“Dime y lo olvido, enséñame y lo recuerdo, invólucrame y lo aprendo” -Benjamín Franklyn.
A pesar de que tenemos décadas hablando de innovación, ciencia, tecnología, competitividad e inserción dinámica a la economía mundial puede afirmarse que tenemos un sistema nacional de innovación y desarrollo tecnológico con pocos o aislados avances concretos que mostrar.
El recorrido del esfuerzo hacia ese sistema, que en realidad no ha tenido el apoyo político necesario (Estado emprendedor) ni la comprensión cabal de su importancia por parte del sector productivo nacional (empresarios visionarios), cumple ya 20 años: desde la promulgación de la Ley núm. 139-01 que crea el Sistema Nacional de Educación Superior, Ciencia y Tecnología, pasando por la creación del Fondo Nacional de Innovación y Desarrollo Científico y Tecnológico (Fondocyt) y la Ley 392-07 de Competitividad e Innovación Industrial, hasta terminar con el Sistema Nacional de Innovación y Desarrollo Tecnológico (SNIDT), creado mediante el Decreto núm. 190-07.

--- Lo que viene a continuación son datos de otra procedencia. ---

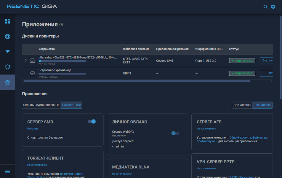 Страница «Приложения» произведет впечатление даже на опытных сетевых специалистов: здесь широко представлены (в случае установки соответствующего модуля в прошивку) сервисы по работе с USB-накопителями и реализации технологий VPN. При этом поддерживается встроенная база пользователей, так что можно будет гибко назначать права.
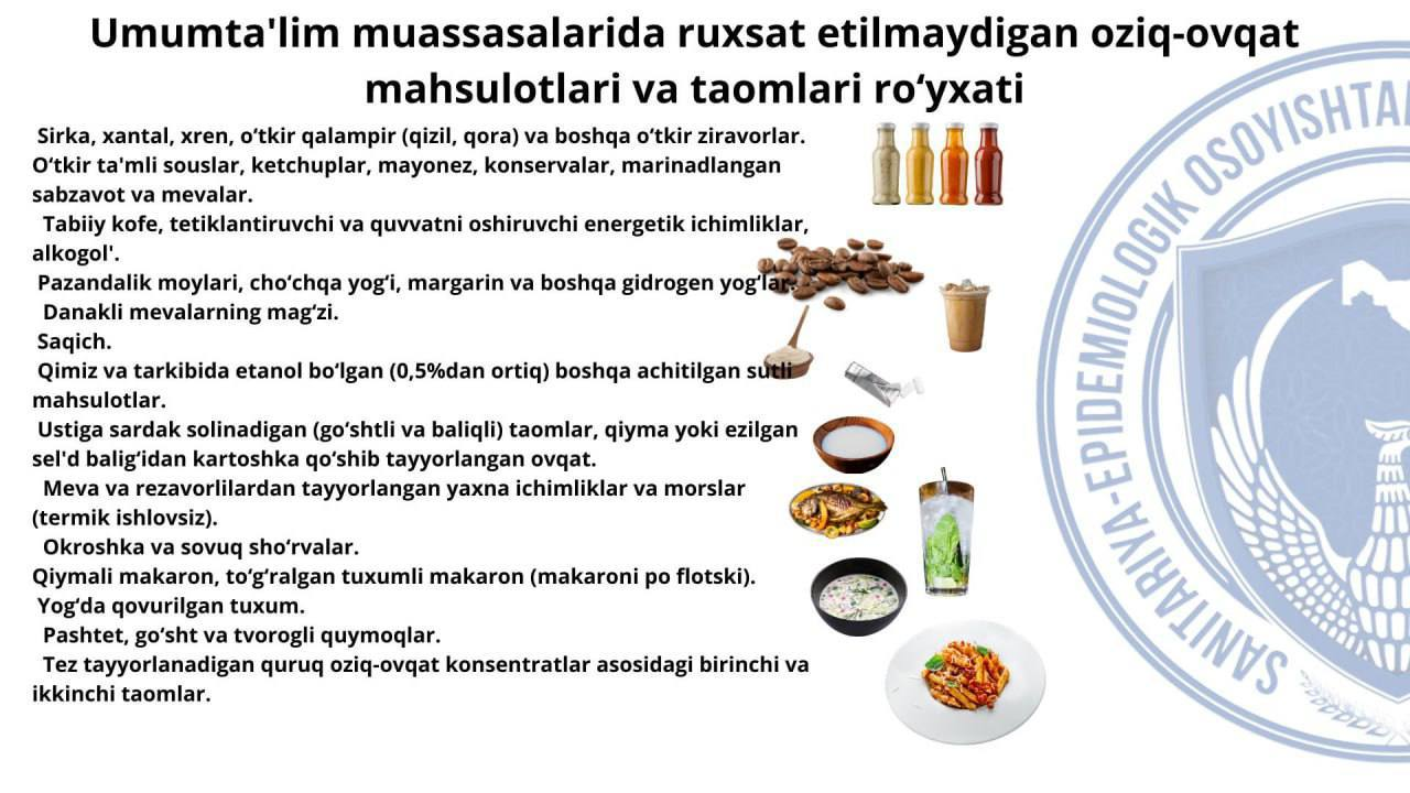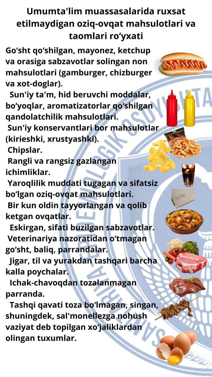 #INFOGRAFIKA Umumta'lim muassasalarida sotishga ruxsat etilmaydigan oziq-ovqat mahsulotlari va taomlari ro'yxati
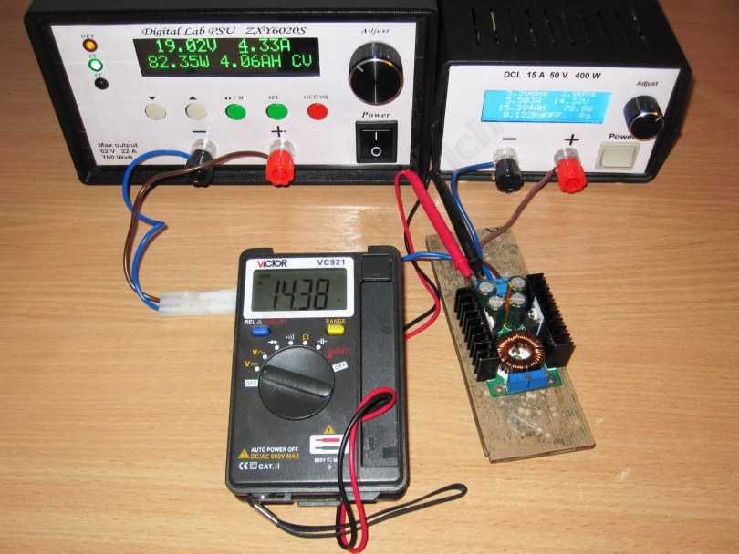 Плавно увеличивая сопротивление переменного резистора, добиваемся значения напряжения на выходе в 14,4 В.
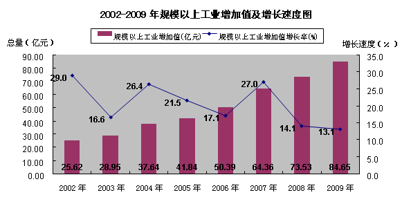 工业生产低速增长。全年全部工业增加值109.47亿元,比上年增长12.0%。规模以上工业增加值84.65亿元,增长13.1%,维持低速增长,是近七年来增速最低的一年。如图所示。
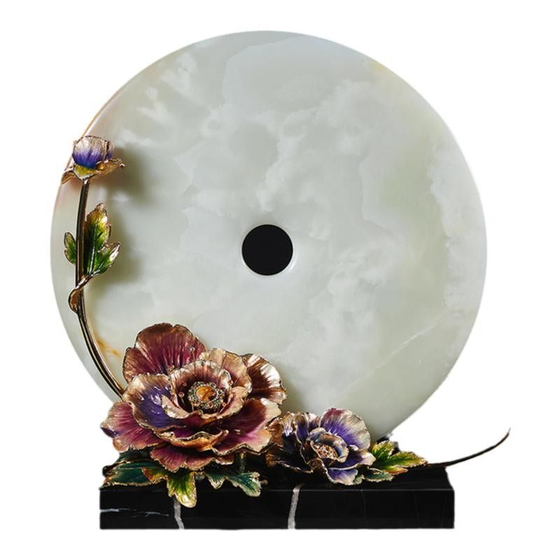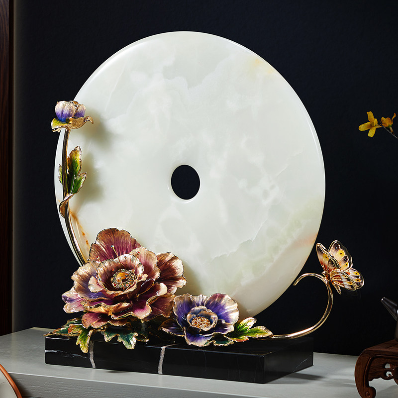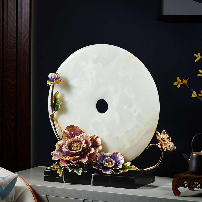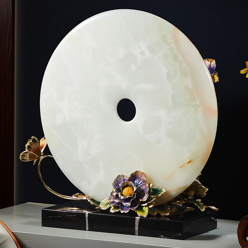 高端平安扣玉石摆件珐琅彩天然玉石饰品乔迁新居客厅办公室礼品
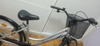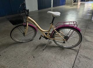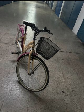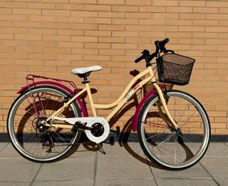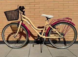 Bicicleta de paseo en color beige con detalles en rosa. En buen estado y con diferentes marchas. - Rueda de 24 pulgadas. - Cesta delantera. - Guardabarros delantero y trasero. - Portabultos trasero.
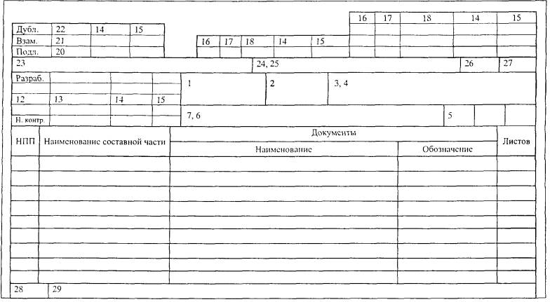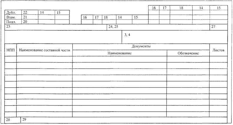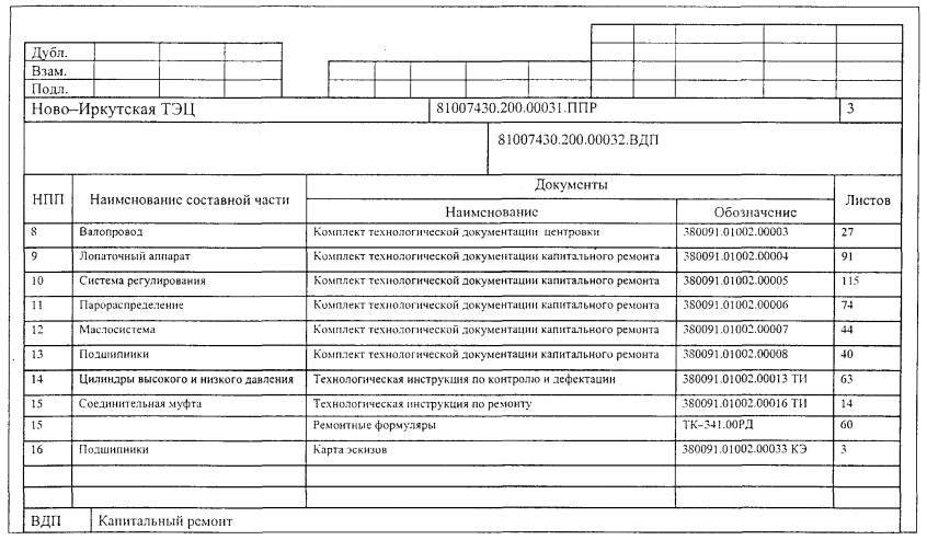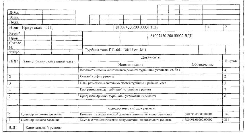4.3 Ведомость документов ППР4.3.1 ВДП предназначена для указания полного состава документов ППР. 4.3.2 ВДП разрабатывается на формах 5 и 5а по ГОСТ 3.1122 и в соответствии с приложениями Д и Е настоящего РД (заглавный лист и последующие листы). 4.3.3 Графы блоков основной надписи ВДП следует заполнять следующим образом: - графы 1, 2, 5, 6, 7, 16 - 18, 20 - 27, 29 - в соответствии с таблицей 1; - в графах 3, 4 указывается обозначение ВДП. Структура обозначения по приложению Г; - в графах 12 указываются характер работы, выполняемой подписывающими ВДП лицами, т.е. «Разработал», «Проверил», «Согласовал», «Утвердил», «Нормоконтроль» и др. - в графах 13, 14 и 15 указываются соответственно фамилии лиц, подписывающих ВДП, их подписи и дата подписи; - в графе 28 указывается обозначение вида документа - ВДП. 4.3.4 Документы ППР приводят в ВДП в последовательности, указанной в 2.1.1. Допускается после перечисления документов по 2.1.1 указывать производственные инструкции по охране труда, необходимые для безопасного производства работ, а также другие документы в соответствии с 2.1.4. 4.3.5 Пример оформления ВДП приведен в приложении Ж. 4.4 Ведомость планируемых работ по ремонту4.5 Сетевой график ремонта, план размещения составных частей оборудования и рабочих мест, проектная и конструкторская документация4.5.1 Документы, приведенные в 2.1.1 перечисление б, в, ж, з, и, к, разрабатываются на форматах по ГОСТ 2.301. 4.5.2 Формы, размеры и порядок заполнения основных надписей документов принимаются по ГОСТ 2.104. 4.6 Программа вывода энергоустановки в ремонт, программа приемки энергоустановки из ремонта, пояснительная записка4.6.1 Документы оформляются в соответствии с ГОСТ 2.106 (разделы 10 и 11). 4.7 Комплект технологических документов4.7.1 Комплект технологических документов разрабатывается и оформляется в соответствии с государственными стандартами ЕСТД. Приложение А(справочное) ПЕРЕЧЕНЬ НОРМАТИВНЫХ ДОКУМЕНТОВ, НА КОТОРЫЕ ИМЕЮТСЯ ССЫЛКИ
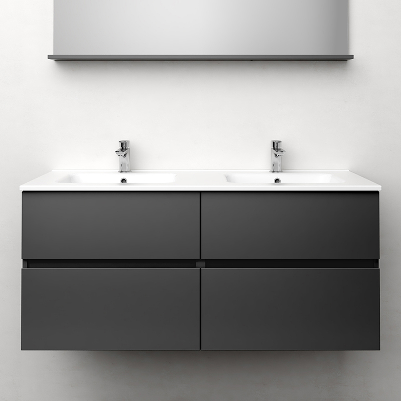Himmel er et stilig servantskap med myk lukkende skuffer med integrerte håndtak. Skuffene kan trekkes helt ut og har metallkanter. En avtakbar matte i bunnen av skuffene holder ting på plass og gjør rengjøringen enklere. Den øverste skuffen har en U-formet design som gir plass til en vannlås. Skapet er forberedt for både gulv- og veggavløp og har justerbare monteringsbraketter. Tilgjengelig i matt hvit og antrasitt. Vannlås må kjøpes separat.
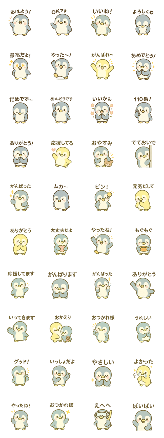 キタコー作。ペンギンのしらたまの日常会話スタンプです。
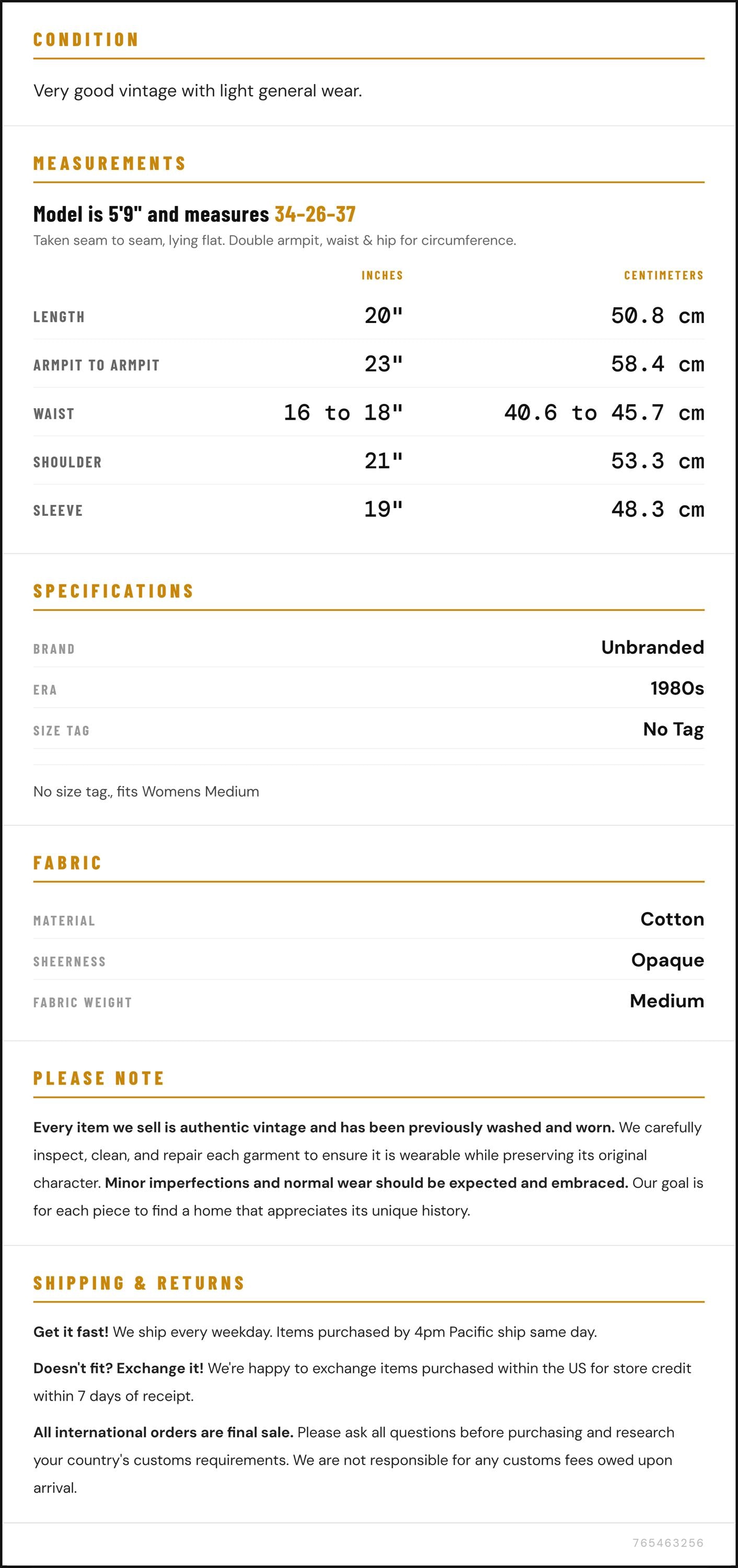 ✨ Please see measurements and condition below. Every garment we sell is authentic vintage and one-of-a-kind! You will receive the exact item photographed.
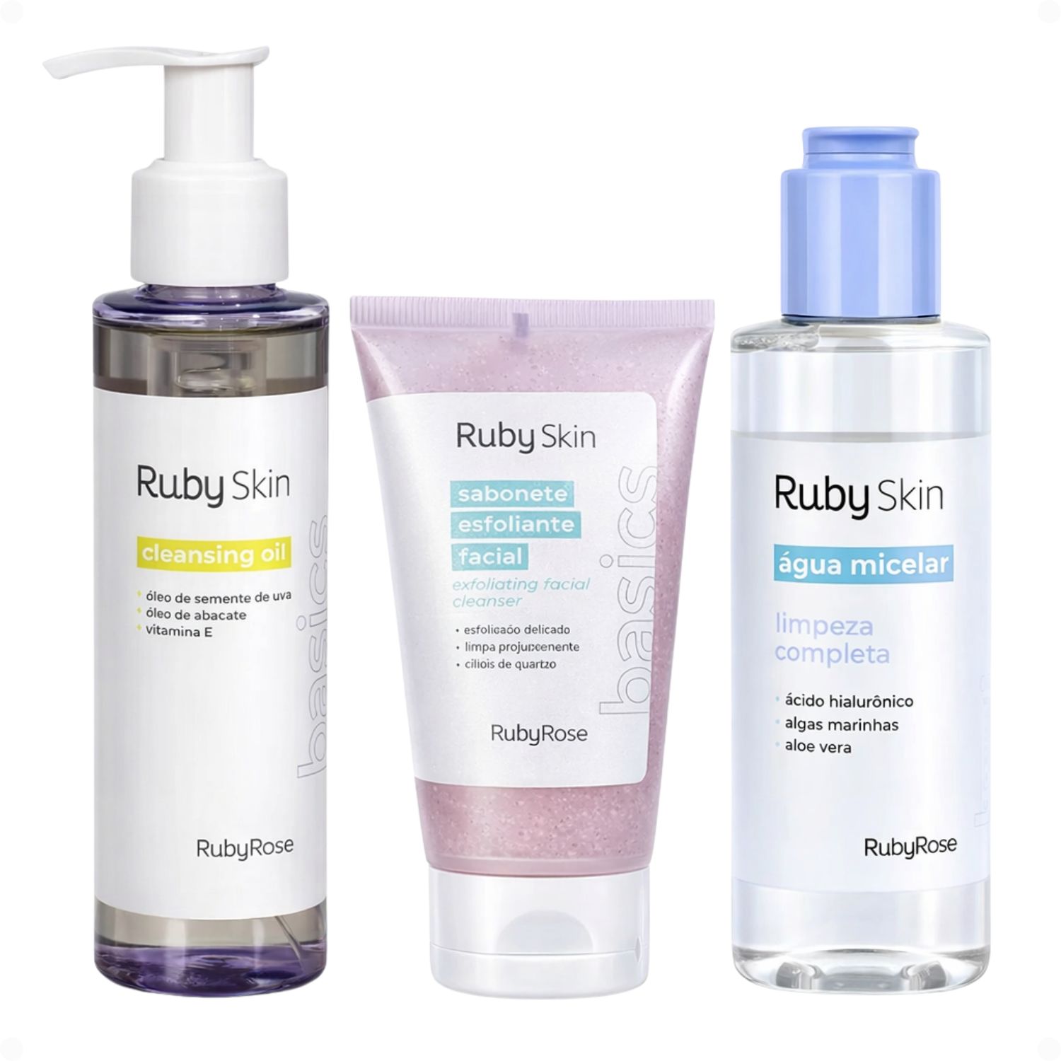 Kit Ruby Skin Basics: Cleansing Oil, Sabonete Esfoliante Facial e Água Micelar
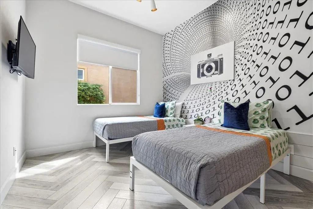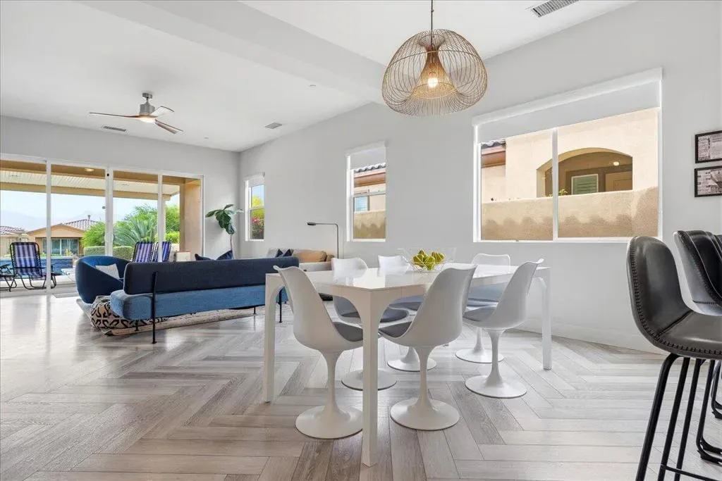Located in the highly sought-after Desert Princess Country Club, adjacent to the DoubleTree by Hilton Golf Resort, this upgraded vacation home sits on a premium lot with stunning San Jacinto Mountain views. Designed for both lifestyle and income potential, this property is a true standout. The home features a striking mid-century modern saltwater pool and spa with a discreet underground equipment pit, creating a clean and elevated outdoor aesthetic. Inside, you’ll find designer upgrades throughout, including herringbone-style flooring, a spa-inspired primary bath, and a fully remodeled gourmet kitchen with stainless steel appliances, LG Bespoke refrigerator with built-in water pitcher, glass subway tile backsplash, and extended cabinetry. The well-designed floor plan offers a spacious primary suite, while two private guest bedrooms are positioned on the opposite side of the home and connected by a Jack-and-Jill bathroom–ideal for guests or short-term rental flexibility. Additional features include built-in closets and an EV charger in the garage. Desert Princess offers resort-style living with a 27-hole PGA Championship golf course, 35 pools and spas, clubhouse with restaurant, fitness center, tennis, pickleball, bocce ball, and 24-hour guard-gated security. HOA includes landscaping, water, trash, cable, and high-speed internet. Rare advantage: Fee simple land ownership (no land lease), adding long-term value and financing ease. Perfect as a primary residence, second home, or income-producing investment–this is desert living at its finest.
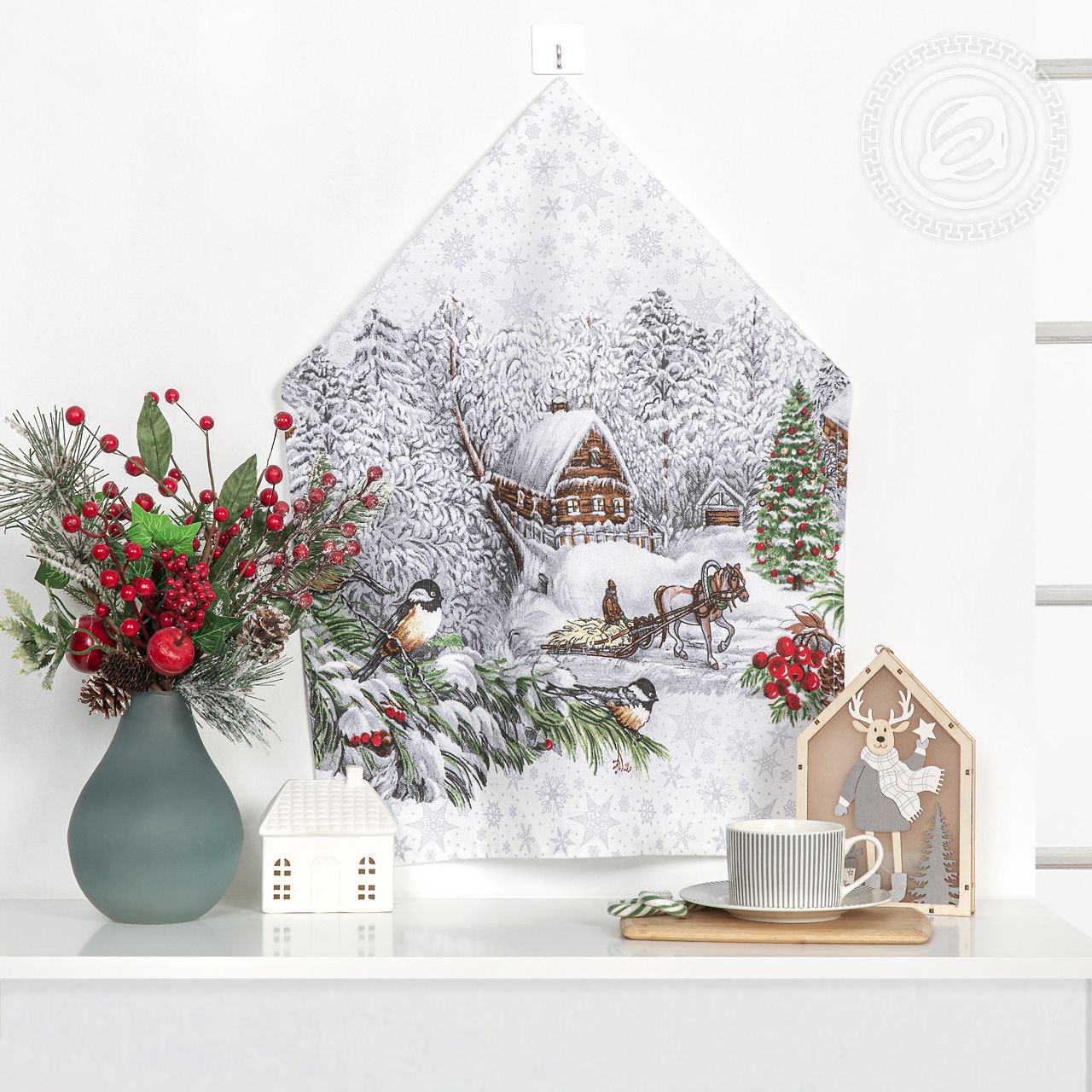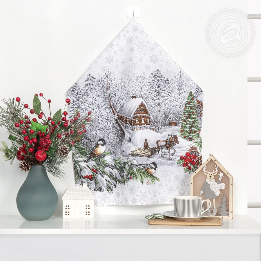«Однажды в студеную зимнюю пору», – при взгляде на новогодние полотенца из рогожки вспоминается строка стихотворения Н.Некрасова. Перед нами деревенский пейзаж с маленькими и уютными улочками, большими сугробами, нарядной ёлочкой и деревянными избами. Любуешься авторским рисунком и как будто чувствуешь и легкий морозец, и хруст снега. Это чудесный акцент в интерьере кухни, который дарит чувство праздника и приятной ностальгии.

Sería poco objetivo afirmar que estas iniciativas de política fueron como una especie de disparos de petardos al aire. Por el contrario, sin dejar de reconocer el débil y esporádico apoyo estatal y la ausencia en los hechos de una estrategia integral de modernización industrial de elevado consenso sectorial, ellas constituyen las bases primarias del desarrollo científico y tecnológico nacional. Por lo demás, en alguna medida, potenciaron cambios no despreciables en las actividades científicas, tecnológicas y de innovación en estos dos últimos decenios.
No obstante, en este crucial ámbito del desarrollo, tanto en el nivel del comportamiento político como en el de la operatividad empresarial, nos encontramos con una visible falta de compromiso político para implementar una estrategia integral compartida de innovación y desarrollo tecnológico de mediano y largo plazo; preeminencia del cortoplacismo en los negocios; afán del protagonismo grupal o sectorial; falta de sintonía y alienación funcional entre las instituciones intervenientes; preferencia por la retórica discursiva que muestra a los actores clave apuntando más o menos a unos mismos objetivos en compartamientos estancos; notable presencia de la dispersión institucional y duplicación de esfuerzos y recursos, entre otros.
No es que hayan faltado estrategias y enfoques correctos. En apenas dos años llegamos a tener hasta tres herramientas estratégicas, como fue el caso del año 1998 con el Plan de Competitividad formulado por Industria y Comercio; Dominicana Innova, un interesante estudio realizado por Cidet en el 2000 sobre transferencia tecnológica, y la llamada Estrategia Nacional de Competitividad avanzada ese mismo año. Estos esfuerzos conceptuales no se tradujeron en progresos sustanciales en lo que se refiere a la producción de conocimientos útiles, si bien sirvieron como importantes insumos para la últerior elaboración de las subsiguientes políticas públicas.
Siete años después sobrevino el Plan Nacional de Competitividad Sistémica (Dec. Núm. 190-07). Su muerte fue de hecho anunciada dos años después y no podía ser de otro modo: los sistemas nacionales de innovación y desarrollo tecnológico no se crean y consolidan solamente con leyes y decretos. Más que su existencia legal formal, su éxito se asegura con un alto nivel de compromiso político y empresarial; la convicción sobre la pertinencia estratégica de nuevos remedios para evitar nuevos males (F. Bacon), y la presencia de un Estado en calidad de actor principal (como de hecho ha ocurrido en todas las economías dinámicas e innovadoras).
Nadie podría garantizar que un sistema nacional de innovación funcione por el mero hecho de existir legalmente. El aspecto legal es solamente un puente necesario o la expresión formal de la voluntad política; en fin, una premisa de partida absolutamente necesaria para quitarnos de encima las garras del modelo económico espurio que nos mantiene inmovilizados en el contexto de una economía global desafiante y para nada piadosa.